Don't Trip Yourself up While Buying your Home

In the rush of excitement that comes with an accepted offer and a "yes" from the lender, many homebuyers make the error of carrying their enthusiasm straight to the mall or furniture store. There are still a few major hurdles to jump before your loan closes. Below you'll find a list of things to stay away from during this crucial time of your home purchase.

Don't empty your wallet on big-ticket items You may be itching to turn your new living room into a home magazine cover, or celebrate your new dream home, but stay away from expensive purchases like furniture, jewelry, appliances, or vacations until your loan closes. Your credit numbers could be altered suddenly if you purchase new furniture using plastic. It's even a red flag to make those big-ticket purchases with cash. Lenders are looking at your cash reserve when considering your loan.

Don't look for a new job. Stability in your career history is a good thing to lending institutions. Getting a new job before you start the application process for a mortgage loan may not get in the way of your approval at all. However, if you switch careers before your loan is approved, your loan process could fail or be bogged down.

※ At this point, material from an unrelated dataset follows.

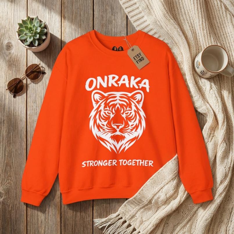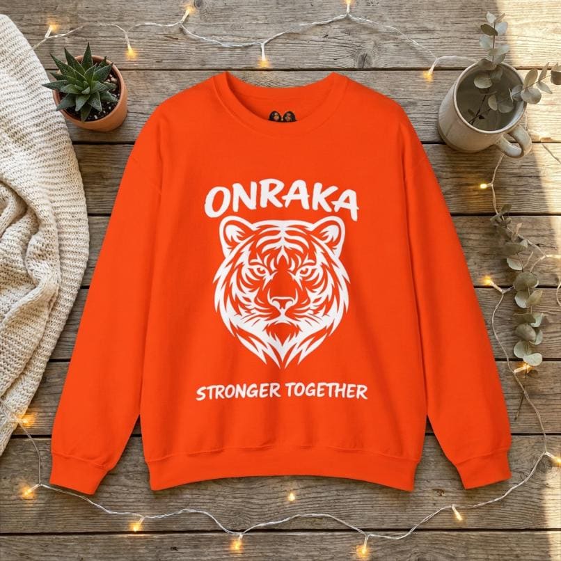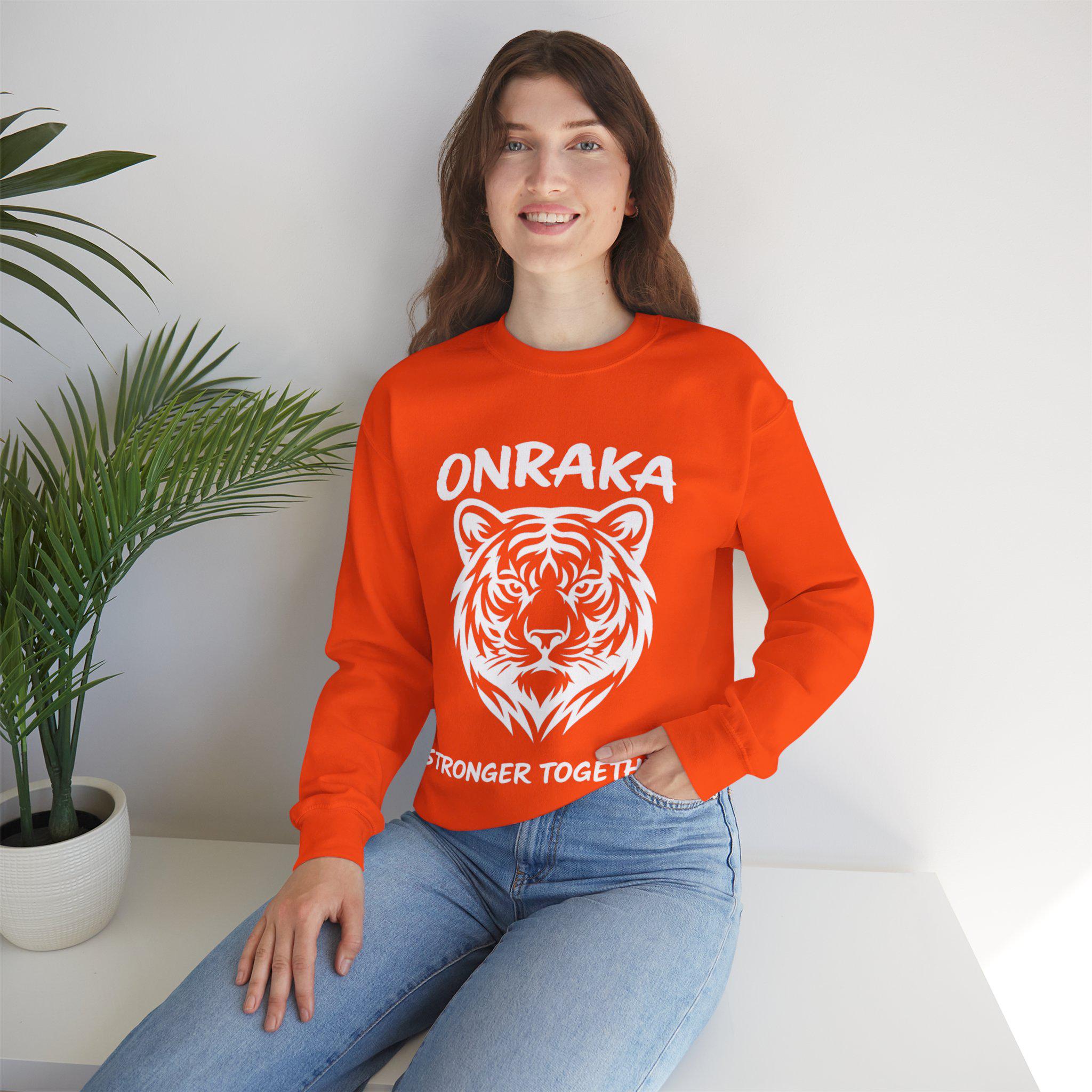 Show your House pride with this bold House of Onraka sweatshirt. Featuring the powerful Onraka tiger and the phrase “Stronger Together,” this design represents resilience, unity, and the strength that comes from standing together as one House.

Don't take your accounts to a new bank or move around your money. Bank statements from the last two or three months for accounts in your name (checking, savings, money market, and other accounts) will probably be reviewed as the lender considers your application. To eliminate fraud, lenders want to see a consistent portrayal of how you earn your living and where additional money comes from. No matter the reason, switching banks or moving money from one account to another may raise a red flag with the lender and slow your loan process.

Don't give cash directly to your seller (usually in the case of of "for sale by owner") for earnest money. As a rule, your earnest money belongs to you, not the seller up until the deal closes. The earnest funds are to go toward your expenses closing; the FSBO seller may not understand this. Get an attorney or other neutral person who is able to hang on to the funds or put them in a trust account until closing. Should your home purchase fail, your contract with the seller should dictate where the good faith deposit should go.